5. La diversité de l’offre
Il faut aussi noter la diversité des propositions au-delà des expositions de planches. Les visites dans les expos, les rencontres (avec cette année quand même Marc-Antoine Mathieu pour la scénographie de la BD, les auteurs du Dernier Pharaon ou Enrico Marini), la profusion de propositions jeunesse et pour les enfants et même le format original de “la fabrique de la bande dessinée” sont désormais des classiques pour le festival d’Amiens, qui ont prouvé encore leur pertinence, en terme d’intérêt du public, cette année.
A cela, il faut ajouter – et saluer – les très réussis “concert dessiné” avec les deux séances assez magiques de piano oriental raconté par Zeina Abirached ou de “danse dessinée”, le dimanche avec la performance en direct de deux danseurs, Astrid Boitel (plutôt connu au festival pour ses talents de traductrice) et Thomas Queyrens évoluant respectivement dans un registre de danse classique et plus contemporaine associés à deux dessinateurs, David Prudhomme et Edmond Baudoin, qui ont capté dans l’instant le mouvement et l’énergie développés sur scène.

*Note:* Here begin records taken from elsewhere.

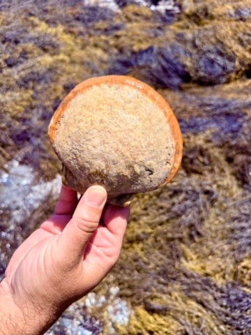 “I found it deep at the bottom, just past the low tide line. There are tons of them down there. It’s like a graveyard of scallops.”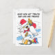 A drawing of a snowy owl dressed up as Santa Claus bringing treats for the good kids. Bad kids? Will go right into Santa's belly. Yum! Get this postcard now! It'll be a perfect gift for Holiday season!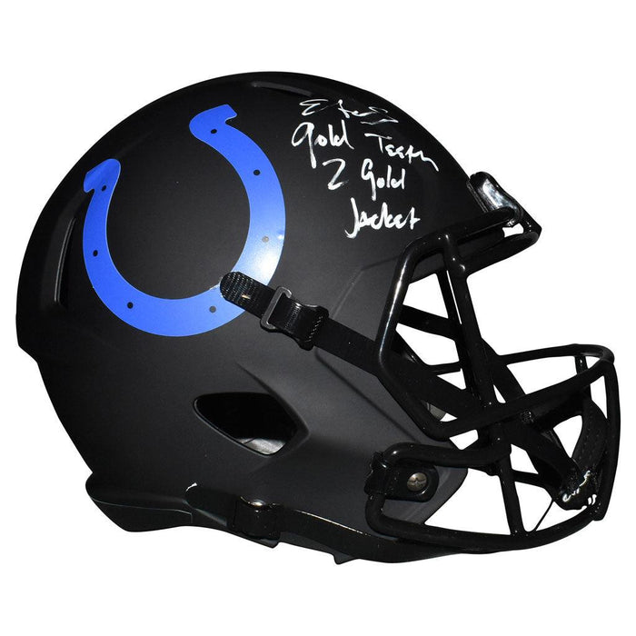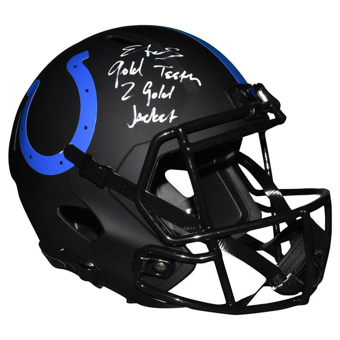 Edgerrin James Signed Gold Teeth 2 Gold Jacket Inscription Indianapolis Colts Eclipse Speed Full-Size Replica Football Helmet (JSA)

Il faut encore évoquer dans cette approche singulière un espace “jeux” investi totalement par Okko, d’après l’univers de Hub ou une “fabrique de la bande dessinée” dédiée aux coloristes animé par le Rémois Christian Lerolle (un des grands pros du genre). Et, dans le registre de l’accueil des visiteurs et de l’incitation à la lecture, l’élargissement de l’offre était encore là, après les “boîtes à lire” de l’an passé – toujours en place – avec les chaises longues Batman et une terrasse bien équipée en food trucks.
6. Synergies locales
Dernier aspect, plus “local”, l’implication notable de différentes associations ou structures amiénoises, comme les fidèles BullDog (pour la captation vidéo) ou Waide Somme mais aussi désormais l’île aux fruits (pour la restauration en “circuit très court” puisqu’implantée près des Hortillonnages) ou la Machinerie (qui a notamment conçu la fameuse machine à badges de l’expo Bots). Et de nouveau, cette année, la Maison de la culture qui accueillait (et accueille jusqu’à cet automne d’ailleurs), la superbe expo “Sumos” de David Prudhomme et la rétrospective Enrico Marini.
Toute chose qui font conserver un très bon souvenir de cette édition 2019. Une édition qui se prolonge donc les prochains week-ends jusqu’à fin juin (on y revient très prochainement avec le détail des auteurs).